Гиперион. Сборник (Симмонс) - страница 22

– Позовите врача! Позовите сюда медиков! – завопил я.

Двое мужчин куда-то побежали. Сири нигде не было.

– Погоди-ка! Погоди! – сказал Майк уже громче, словно вдруг вспомнил о чем-то важном. – Минуточку.

И умер.

Умер. По-настоящему. Смерть мозга. Гротескно распахнулся рот, глаза закатились, показались белки, а через минуту из раны перестала выливаться кровь.

Я сидел там и, обезумев, проклинал небеса. По светлеющему небу полз «Лос-Анджелес», и я знал: если бы можно было сейчас доставить Майка туда – его бы спасли. Я закричал и разразился громкой тирадой, глядя ввысь. Толпа отпрянула.

Наконец я повернулся к Бертолю.

– Ты.

Юноша был уже на краю площади. Он обернулся и безмолвно уставился на меня, его лицо было мертвенно‑бледным.

– Ты.

Я поднял с земли лазерное перо, перевел мощность на максимум и пошел к Бертолю и его дружкам.

Все было как в тумане – крики, горящая плоть. Я плохо осознавал происходящее. Глиссер сел посреди запруженной людьми площади, подняв облако пыли, и Сири велела мне забраться в кабину. Машина поднялась над огнями, над развернувшимся внизу безумием. Мои слипшиеся от пота волосы обдувал холодный ветер.

– Мы летим в Феварону, – говорила Сири. – Бертоль был пьян. Сепаратисты – это всего‑навсего маленькая кучка разгневанных людей. Никакой расправы не будет. Ты останешься со мной, пока Альтинг проводит расследование.

– Нет. Вон там. Садись вон там. – Я показал на длинную отмель неподалеку от города.

Сири не хотела спускаться, но все-таки уступила. Я нашел глазами большой валун, убедился, что рюкзак все еще там, и вылез из глиссера. Сири перегнулась через сиденье и притянула к себе мою голову.

– Марин, любовь моя.

Ее теплые губы звали и манили, но я ничего не чувствовал, мне словно сделали анестезию. Я шагнул прочь от глиссера и махнул рукой, чтобы она улетала. Сири откинула назад волосы и смотрела на меня зелеными глазами, полными слез. Машина поднялась, развернулась и устремилась на юг, сверкая в лучах восходящего солнца.
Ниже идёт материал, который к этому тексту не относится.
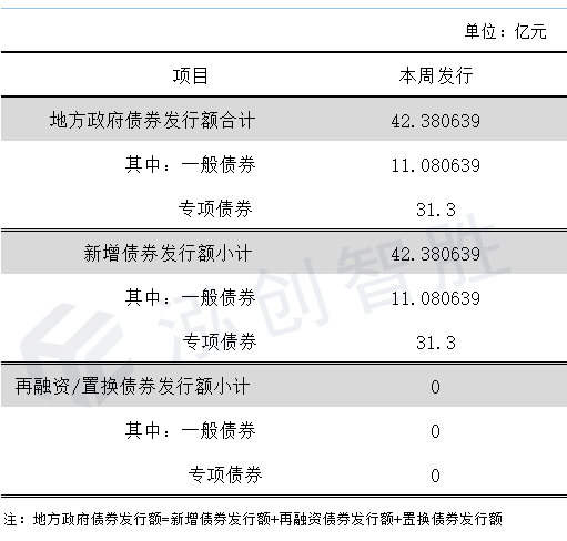 【泓创每周债市0909-0915】本周仅两地区发行42.38亿元地方债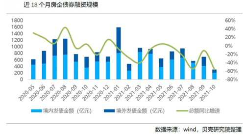 貝殼研究院統計顯示,今年1-10月房企境內外債券融資累計約7993億元,較2020年同期下降24%,金額規模減少2463億元;其中境外發債折合人民幣約2471億元,同比下降約37.4%。境外融資規模占比維持31%左右的低水平。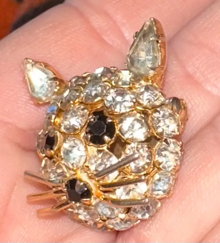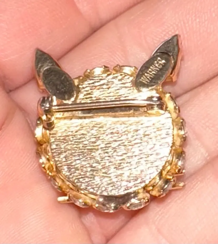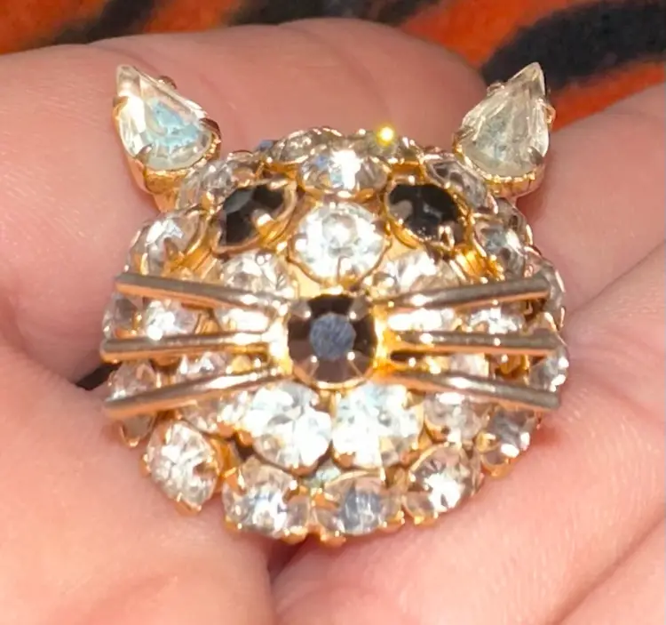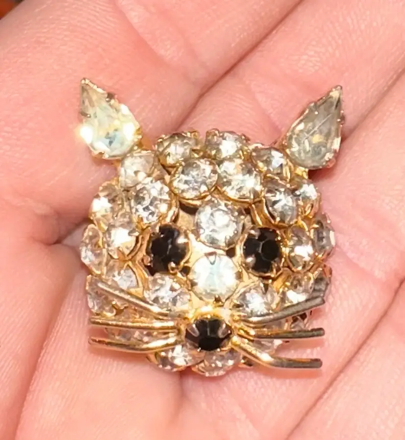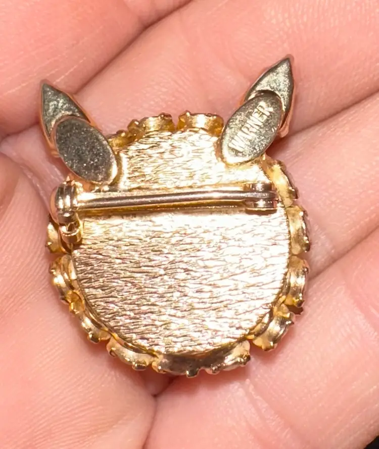 Absolutely stunning is this Warner AB Rhinestone Gold Tone Cat Face Brooch Pin Vintage Excellent condition! Clear & black rhinestones set in gold tone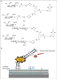| Fig. 1. (a) The structures of 1–1 and 1–2. (b) Diagrammatic sketch of the sandwich "carboassay" on a planar optical waveguide biosensor. Reproduced with permission [43]. Copyright 2008, ACS. | |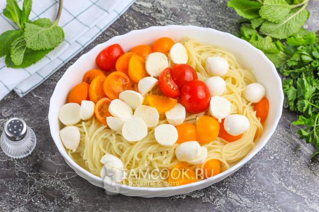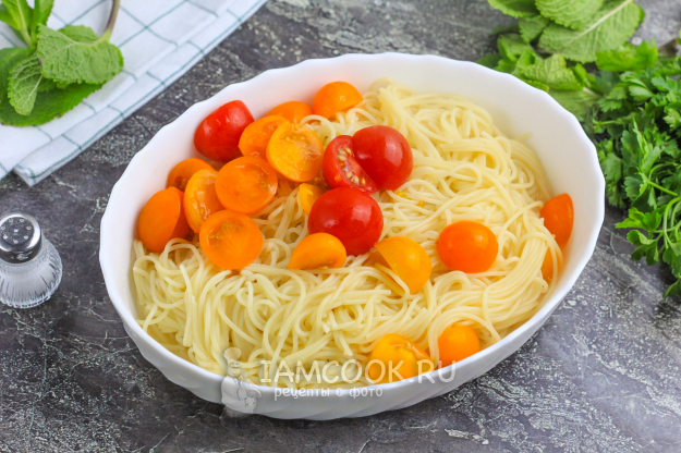 Сбрызните форму растительным маслом и выложите в нее спагетти, сначала откинув их на дуршлаг. Промойте черри и разрежьте пополам. Добавьте в форму.

«Погоди. Минуточку», – чуть не выкрикнул я. Потом уселся на скалу, обнял руками колени и несколько раз надрывно всхлипнул. Наконец я поднялся, зашвырнул лазерное перо подальше в волны, вытащил рюкзак и высыпал содержимое на землю.

Соколиный ковер пропал.

Я снова сел на камень. Сил не осталось ни чтобы плакать, ни чтобы смеяться, ни чтобы куда-то идти. Солнце поднималось все выше. Когда через три часа большой черный глиссер корабельной службы безопасности тихо опустился на отмель, я так и сидел там.


– Отец? Отец, уже поздно.

Поворачиваюсь. Позади стоит Донел, облаченный в синие с золотом одежды советника Гегемонии. На красной лысине блестят капельки пота. Моему сыну сорок три года, но выглядит он гораздо старше.